Problem to work on
Once the pictures are set aside, transcribe the remaining data exactly.

(Data entries)
* * *

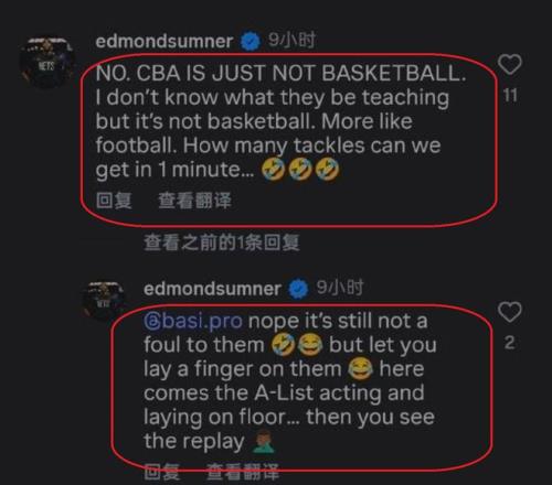 萨姆纳在个人网络平台上是这样写道:“CBA联赛,并不像是一个篮球联赛,而是像一个橄榄球联赛,说实话,我真的不知道这些球员是怎以学习篮球的,他们可以在一分钟之内多次擒抱你……但是,就算是这样,裁判员也不会吹对方犯规!然而,当你要进行回应,碰了他们一下,那么,他们就会倒在地上,要求裁判员进行录像回看……”
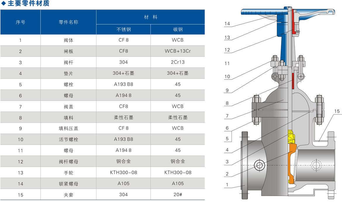 ⑥主體材料、內件材料、填料、墊片、緊固件的材料可根據用戶要求或實際工況條件合理組合。
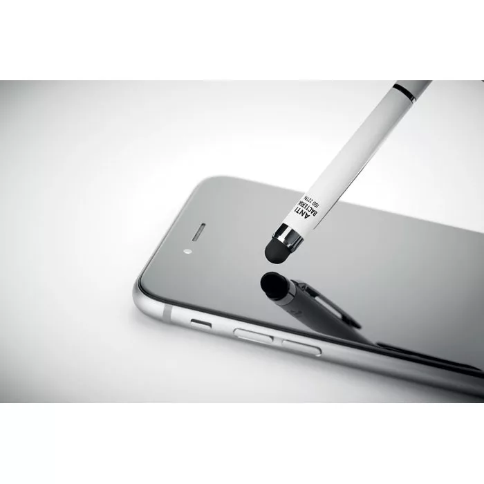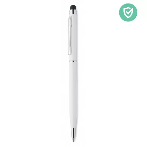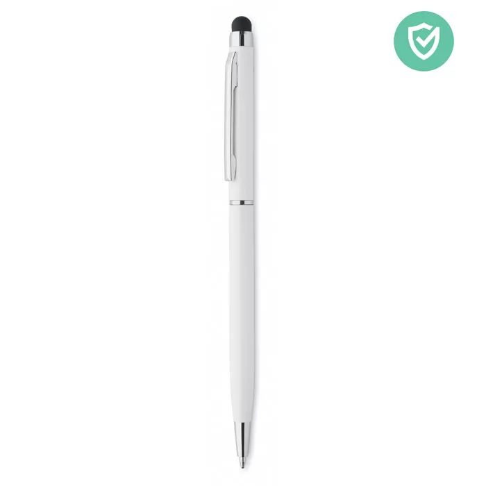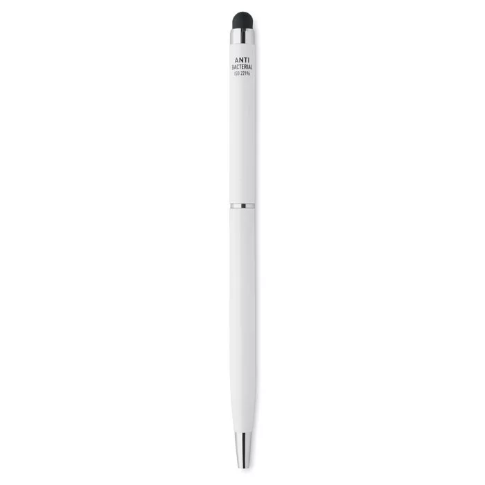 Csavarmechanikás érintőceruzás golyóstoll alumíniumból, fényes króm csíptetővel. Ez a toll speciális adalékot (nano ezüstöt) tartalmazó, antibakteriális tolltesttel rendelkezik, amely megakadályozza, hogy baktériumok telepedjenek meg a toll felületén. Az érintőceruzával egyszerűen kezelheti az érintőképernyőket anélkül, hogy hozzájuk kellene érnie. ISO 22196. A toll kéken író betétet tartalmaz.
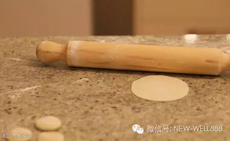 把每个剂子整一下形状,然后用手掌压成棋子状,这就是面皮的毛坯。用擀面杖把这毛坯擀成直径10-12厘米的圆皮,擀的时候尽量让中间厚一点,边缘部分薄一些。
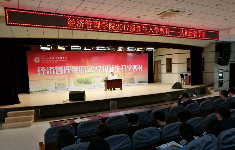 8月31日上午10时,学院党委书记杜勇在长安报告厅为2017级新生作了爱院荣院教育的讲座。杜勇书记通过讲述经管学院105年的发展历史,带领同学们深入了解学院,增强学生对于学院的认同感和自豪感。杜书记还为同学们介绍了,经管学院发展历史中关键的四位经济学家,教育新生刻苦学习,心系天下,自强不息。
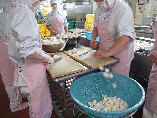 今日は、柏のかぶをたっぷり使って厚揚げと合わせてあんかけにしました。かぶは全部で100kgくらいありました。一つずつきれいにしてから16等分にしました。手作業で切るので、とても大変です。あんかけもたっぷりあるので、ご飯と一緒に食べてください。

* * *

Answer section
 萨姆纳在个人网络平台上是这样写道:“CBA联赛,并不像是一个篮球联赛,而是像一个橄榄球联赛,说实话,我真的不知道这些球员是怎以学习篮球的,他们可以在一分钟之内多次擒抱你……但是,就算是这样,裁判员也不会吹对方犯规!然而,当你要进行回应,碰了他们一下,那么,他们就会倒在地上,要求裁判员进行录像回看……”
 ⑥主體材料、內件材料、填料、墊片、緊固件的材料可根據用戶要求或實際工況條件合理組合。
 Csavarmechanikás érintőceruzás golyóstoll alumíniumból, fényes króm csíptetővel. Ez a toll speciális adalékot (nano ezüstöt) tartalmazó, antibakteriális tolltesttel rendelkezik, amely megakadályozza, hogy baktériumok telepedjenek meg a toll felületén. Az érintőceruzával egyszerűen kezelheti az érintőképernyőket anélkül, hogy hozzájuk kellene érnie. ISO 22196. A toll kéken író betétet tartalmaz.
 把每个剂子整一下形状,然后用手掌压成棋子状,这就是面皮的毛坯。用擀面杖把这毛坯擀成直径10-12厘米的圆皮,擀的时候尽量让中间厚一点,边缘部分薄一些。
 8月31日上午10时,学院党委书记杜勇在长安报告厅为2017级新生作了爱院荣院教育的讲座。杜勇书记通过讲述经管学院105年的发展历史,带领同学们深入了解学院,增强学生对于学院的认同感和自豪感。杜书记还为同学们介绍了,经管学院发展历史中关键的四位经济学家,教育新生刻苦学习,心系天下,自强不息。
 今日は、柏のかぶをたっぷり使って厚揚げと合わせてあんかけにしました。かぶは全部で100kgくらいありました。一つずつきれいにしてから16等分にしました。手作業で切るので、とても大変です。あんかけもたっぷりあるので、ご飯と一緒に食べてください。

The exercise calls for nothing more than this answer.